TASK STATEMENT:
Where a picture appears, leave it out; copy everything else in the records exactly.

DATA TO EXAMINE:

○ ○ ○ ○

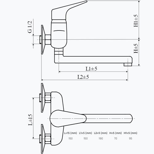 Dřezová baterie TA Tessa 150 mm, chrom, nástěnná, Slovarm 480309, TA.4011.A, rameno 100 mm
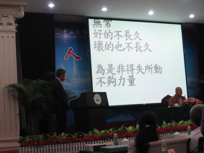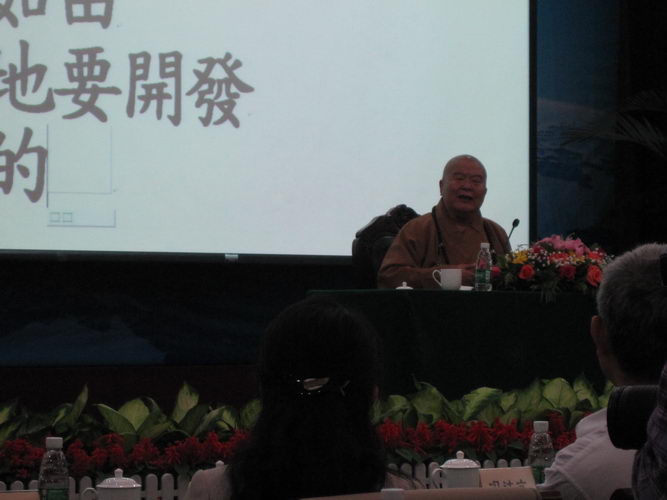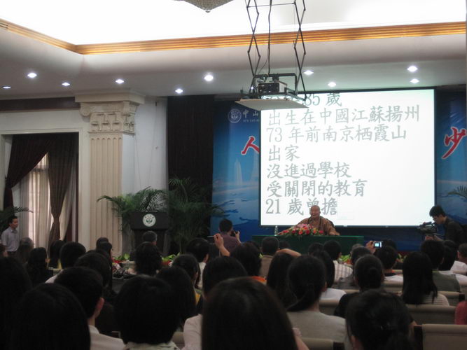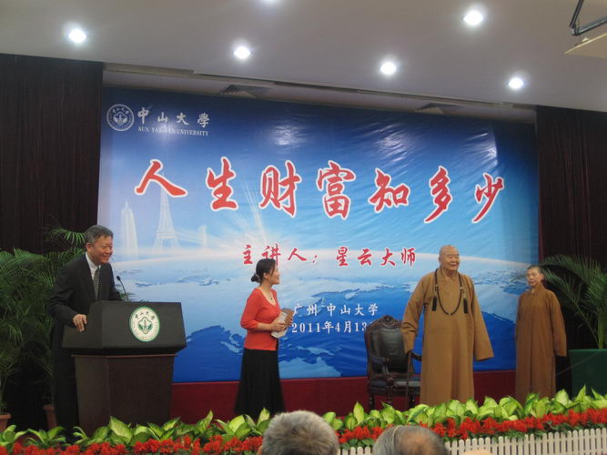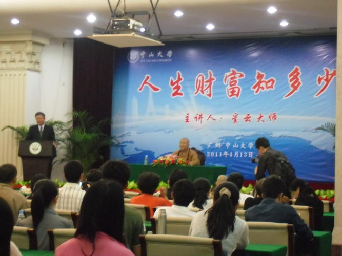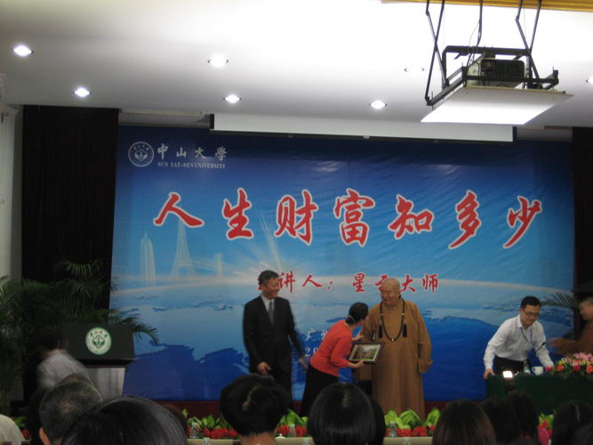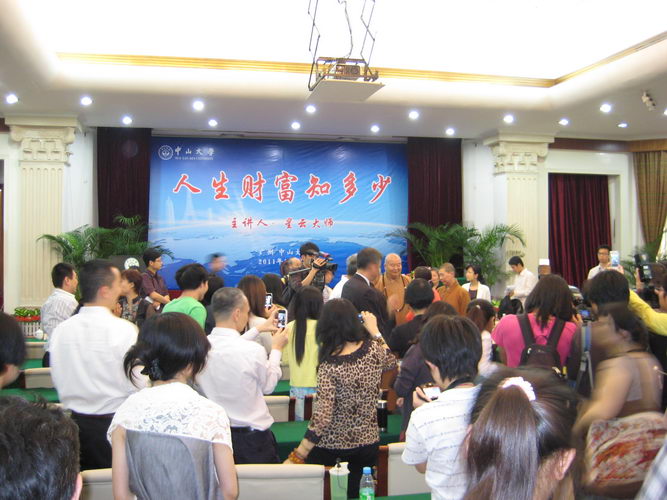 Sau nghi thức tiếp đón được diễn ra trong không khí hân hoan long trọng tại hội trường XiaoLiTang (Nơi dành tiếp đón khách mời danh dự), Hòa thượng đã bắt đầu buổi nói chuyện với đề tài: Nhân Sanh Tài Phú Tri Đa Thiểu (“人生才富知多少” Gia tài của đời người biết có bao nhiêu)
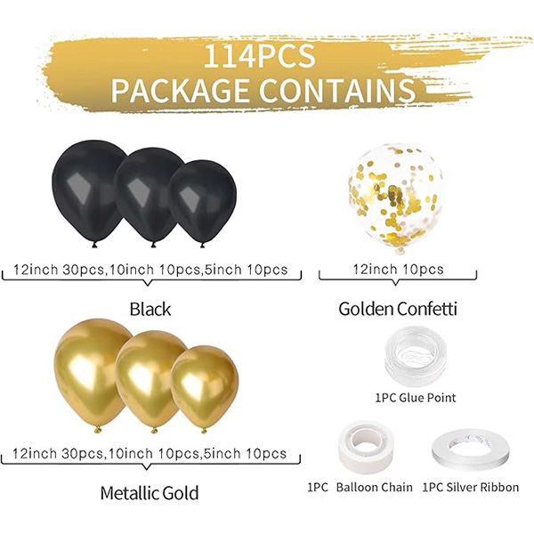 ШИРОКЕ ВИКОРИСТАННЯ: Чорні та золотисті набори Balloon Arch підходять для багатьох випадків. Ними можна прикрасити дні народження, новорічні дні, різні свята, день захисту дітей і так далі.
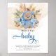 This popular Baby Shower design featured watercolor hand painted cute boy teddy bear in sweatshirt seating in arrangement at tropical dusty blue flowers mixed pampas grass and eucalyptus greenery foliage – all in modern colour scheme – dusty blue, green, brown and beige - makes this set suitable for a boy Baby Shower. The unforgettable sentence " We can bearly wait FOR BABY TO ARRIVE! " - which shows the excitement of parents expecting a baby, makes the design very fun and playful. Used modern calligraphy script font, further strengthens the bohemian look and gives more playful look and make invitation so stunning. The whole charming composition is set on a watercolor pastel ivory background and looks so remarkable. Yes, your guests will be really fascinated - send them this really impressive invitation and surely your boy Baby Shower Party will be remembered for a long time. In this exquisite design we have prepared all the necessary elements for your teddy bear theme for boy Baby Shower Party - such as games, welcome posters, table signs and much more, so you can get a complete set of this exceptional bohemian design with a cute boy teddy bear wearing a sweatshirt with light blue flowers mixed tropical flowers and pampas grass and eucalyptus foliage.
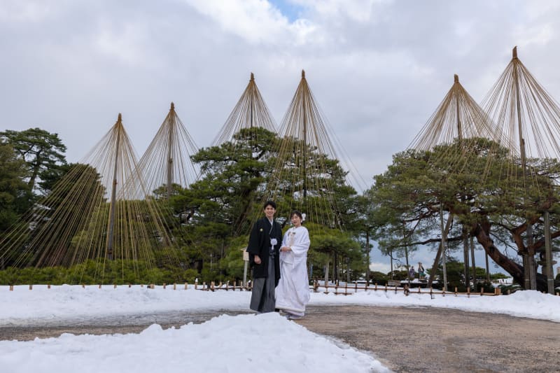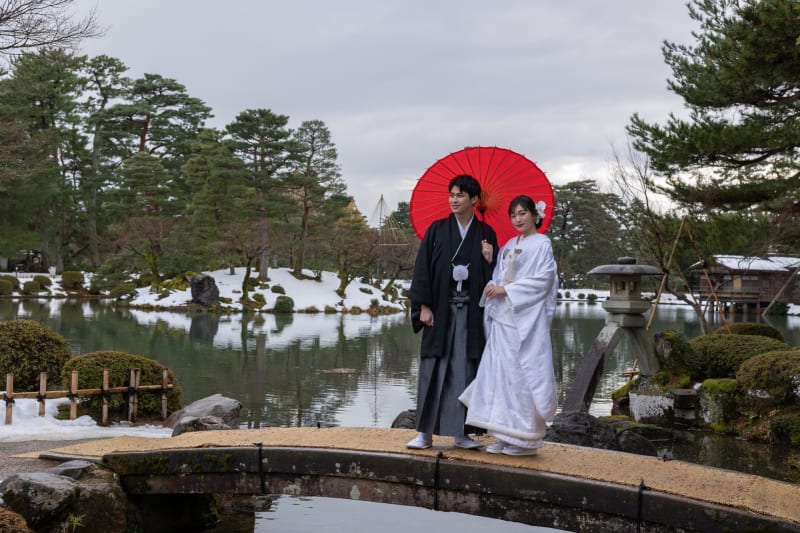 この時期だけの冬の雪吊りが美しい兼六園や金沢駅の鼓門など、金沢らしい景色の中で、お得にウェディングフォト撮影をお楽しみいただけます。
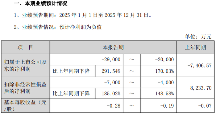 1月31日晚间,深交所上市公司双鹭药业(002038.SZ)披露的2025年业绩预告,再次将这家老牌医药企业推向舆论焦点——报告期内,公司归母净利润预计亏损2.00亿元至2.90亿元,较上年同期的-7406.57万元,亏损幅度同比扩大170.03%至291.54%,这也是公司上市20余年来连续第二年亏损,距离2024年创下的“上市首亏”仅过去一年时间。更值得市场关注的是,公司扣非净利润同样表现疲软,预计为-7000万元至-4000万元,较上年同期的8233.70万元由盈转亏,同比降幅达148.58%至185.02%,盈利能力持续承压。
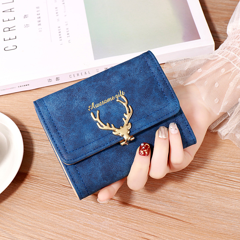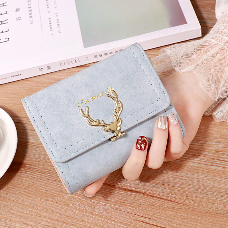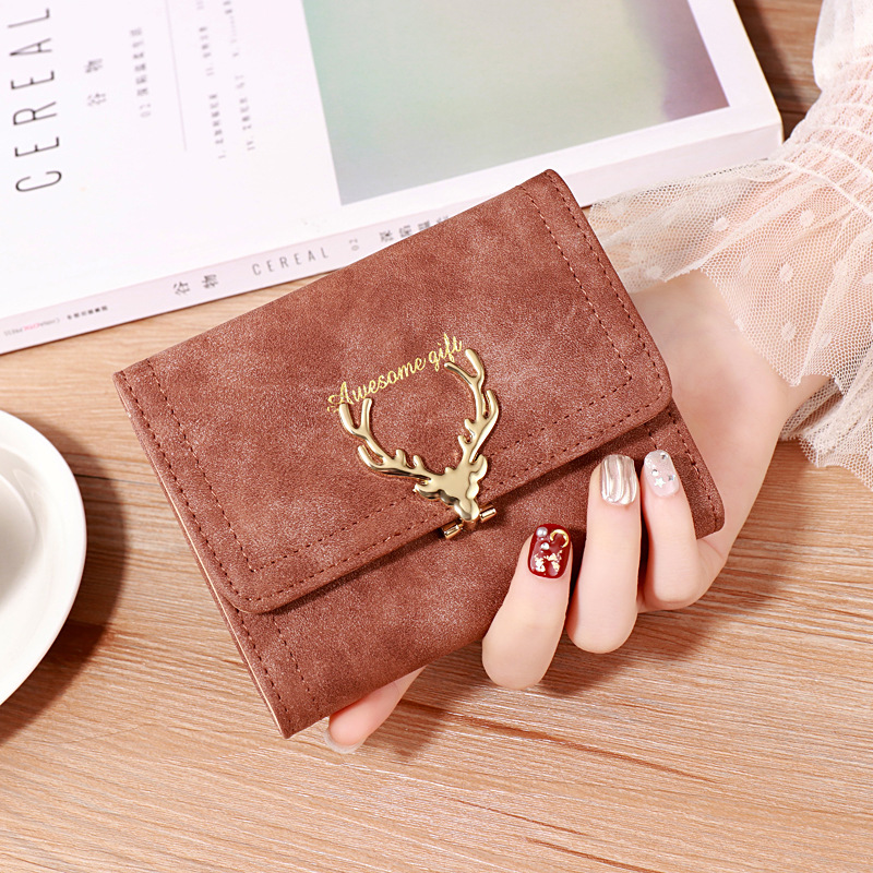 2022 한국식 짧은 지갑 봄 새로운 패션 젖빛 새끼 사슴 여성 가방 멀티 카드 홀더 클러치 동전 지갑
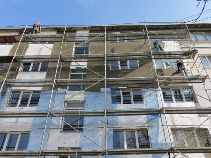 Согласно технологии, вначале пенопластовые плиты клеятся на монтажную пену, потом устанавливается сетка, прокладывается первый слой стяжки, проводится шпаклевка, грунтовка и в завершении – покраска, рассказывает прораб Ярослав Свичкар. «Будет теплее. КПД в районе 65-70%. В принципе, пенопласт по эффективности ничем не уступает более дорогим утеплителям. Мы закрываем все возможные щели, поэтому в будущем продувать не должно. Подтягиваем и откосы, чтобы все было хорошо. Гарантия на работы – до 50 лет», – сказал прораб. По его словам, площадь фасада составляет более 2 тысяч квадратных метров, а стоимость утепления одного квадрата – около 130 гривен.
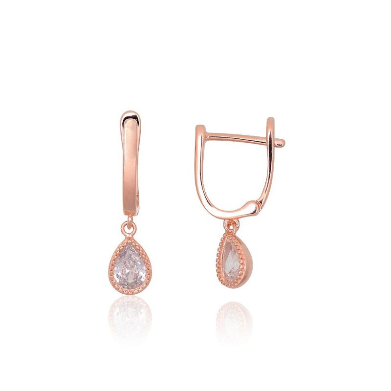 'Inglise' sulguriga hõbekõrverõngad, Hõbe 925°, punane kuld (kate), Tsirkonid
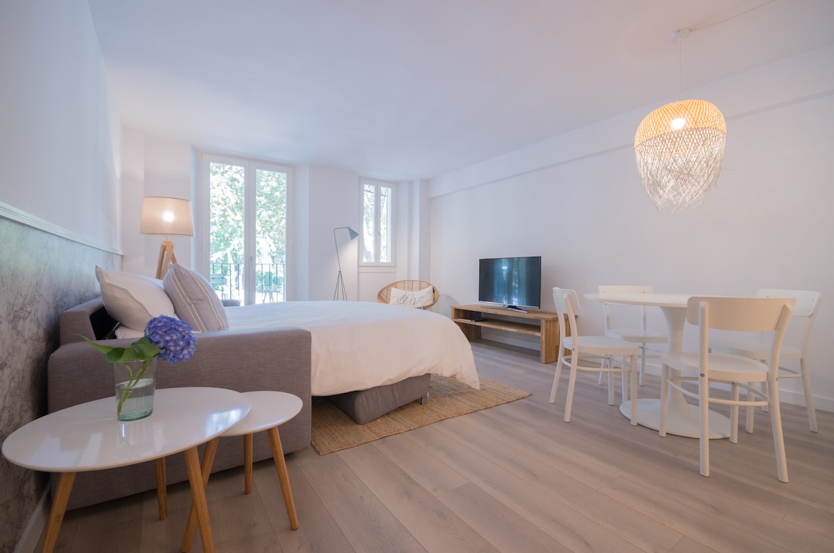 MARsuites 1 is a bright and cozy accommodation unit perfectly located at one of the most beautiful streets in Old Town, in front of Almudaina Royal Palace. Maximum capacity 2 adults and 2 kids under 15. It belongs to MARsuites, an Old Town building recently renewed with 4 accommodation units with lift. MARsuites 1 has been designed and decorated with a cozy taste to offer a comfortable place to stay. It has a little balcony from where you will enjoy amazing views over the Palace and Cathedral.
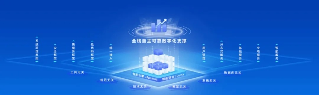 采用自主可信创新技术,自研智能引擎和智能语言,其微服务框架、低代码框架、系统治理框架和安全框架等核心组件均采用全栈自主创新技术路线,可提供自主可靠的安全技术底座,为企业数字化建设安全保驾护航。
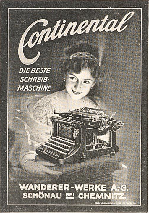 Werbeanzeige für Schreibmaschine Continental monochrom
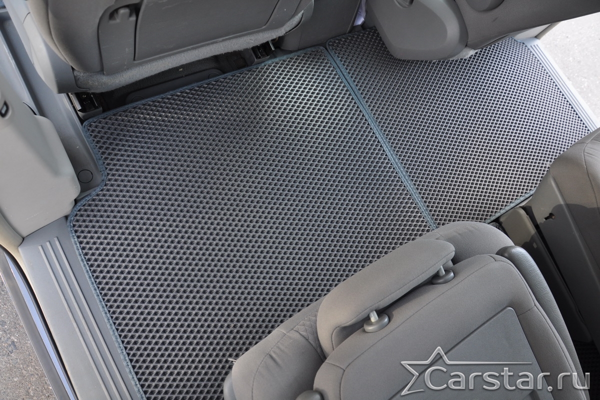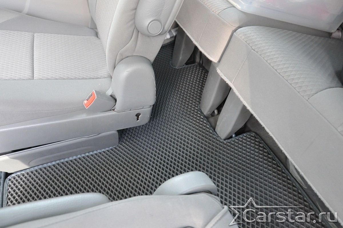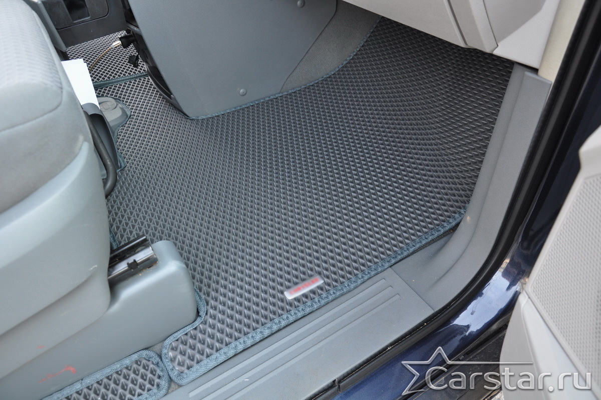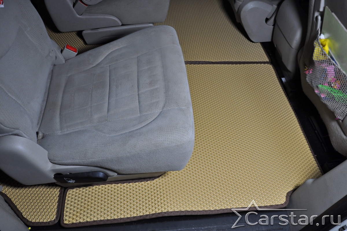 Автомобильные коврики EVA Dodge Grand Caravan V (2007-2020) 2 ряд: кресла 1+1 убираются в пол – это долговечные, удобные и универсальные аксессуары, которые помогут надежно защитить салон и багажник вашего авто от пыли, грязи и влаги в любое время года.

○ ○ ○ ○

SOLUTION BELOW:
 Dřezová baterie TA Tessa 150 mm, chrom, nástěnná, Slovarm 480309, TA.4011.A, rameno 100 mm
 Sau nghi thức tiếp đón được diễn ra trong không khí hân hoan long trọng tại hội trường XiaoLiTang (Nơi dành tiếp đón khách mời danh dự), Hòa thượng đã bắt đầu buổi nói chuyện với đề tài: Nhân Sanh Tài Phú Tri Đa Thiểu (“人生才富知多少” Gia tài của đời người biết có bao nhiêu)
 ШИРОКЕ ВИКОРИСТАННЯ: Чорні та золотисті набори Balloon Arch підходять для багатьох випадків. Ними можна прикрасити дні народження, новорічні дні, різні свята, день захисту дітей і так далі.
 This popular Baby Shower design featured watercolor hand painted cute boy teddy bear in sweatshirt seating in arrangement at tropical dusty blue flowers mixed pampas grass and eucalyptus greenery foliage – all in modern colour scheme – dusty blue, green, brown and beige - makes this set suitable for a boy Baby Shower. The unforgettable sentence " We can bearly wait FOR BABY TO ARRIVE! " - which shows the excitement of parents expecting a baby, makes the design very fun and playful. Used modern calligraphy script font, further strengthens the bohemian look and gives more playful look and make invitation so stunning. The whole charming composition is set on a watercolor pastel ivory background and looks so remarkable. Yes, your guests will be really fascinated - send them this really impressive invitation and surely your boy Baby Shower Party will be remembered for a long time. In this exquisite design we have prepared all the necessary elements for your teddy bear theme for boy Baby Shower Party - such as games, welcome posters, table signs and much more, so you can get a complete set of this exceptional bohemian design with a cute boy teddy bear wearing a sweatshirt with light blue flowers mixed tropical flowers and pampas grass and eucalyptus foliage.
 この時期だけの冬の雪吊りが美しい兼六園や金沢駅の鼓門など、金沢らしい景色の中で、お得にウェディングフォト撮影をお楽しみいただけます。
 1月31日晚间,深交所上市公司双鹭药业(002038.SZ)披露的2025年业绩预告,再次将这家老牌医药企业推向舆论焦点——报告期内,公司归母净利润预计亏损2.00亿元至2.90亿元,较上年同期的-7406.57万元,亏损幅度同比扩大170.03%至291.54%,这也是公司上市20余年来连续第二年亏损,距离2024年创下的“上市首亏”仅过去一年时间。更值得市场关注的是,公司扣非净利润同样表现疲软,预计为-7000万元至-4000万元,较上年同期的8233.70万元由盈转亏,同比降幅达148.58%至185.02%,盈利能力持续承压。
 2022 한국식 짧은 지갑 봄 새로운 패션 젖빛 새끼 사슴 여성 가방 멀티 카드 홀더 클러치 동전 지갑
 Согласно технологии, вначале пенопластовые плиты клеятся на монтажную пену, потом устанавливается сетка, прокладывается первый слой стяжки, проводится шпаклевка, грунтовка и в завершении – покраска, рассказывает прораб Ярослав Свичкар. «Будет теплее. КПД в районе 65-70%. В принципе, пенопласт по эффективности ничем не уступает более дорогим утеплителям. Мы закрываем все возможные щели, поэтому в будущем продувать не должно. Подтягиваем и откосы, чтобы все было хорошо. Гарантия на работы – до 50 лет», – сказал прораб. По его словам, площадь фасада составляет более 2 тысяч квадратных метров, а стоимость утепления одного квадрата – около 130 гривен.
 'Inglise' sulguriga hõbekõrverõngad, Hõbe 925°, punane kuld (kate), Tsirkonid
 MARsuites 1 is a bright and cozy accommodation unit perfectly located at one of the most beautiful streets in Old Town, in front of Almudaina Royal Palace. Maximum capacity 2 adults and 2 kids under 15. It belongs to MARsuites, an Old Town building recently renewed with 4 accommodation units with lift. MARsuites 1 has been designed and decorated with a cozy taste to offer a comfortable place to stay. It has a little balcony from where you will enjoy amazing views over the Palace and Cathedral.
 采用自主可信创新技术,自研智能引擎和智能语言,其微服务框架、低代码框架、系统治理框架和安全框架等核心组件均采用全栈自主创新技术路线,可提供自主可靠的安全技术底座,为企业数字化建设安全保驾护航。
 Werbeanzeige für Schreibmaschine Continental monochrom
 Автомобильные коврики EVA Dodge Grand Caravan V (2007-2020) 2 ряд: кресла 1+1 убираются в пол – это долговечные, удобные и универсальные аксессуары, которые помогут надежно защитить салон и багажник вашего авто от пыли, грязи и влаги в любое время года.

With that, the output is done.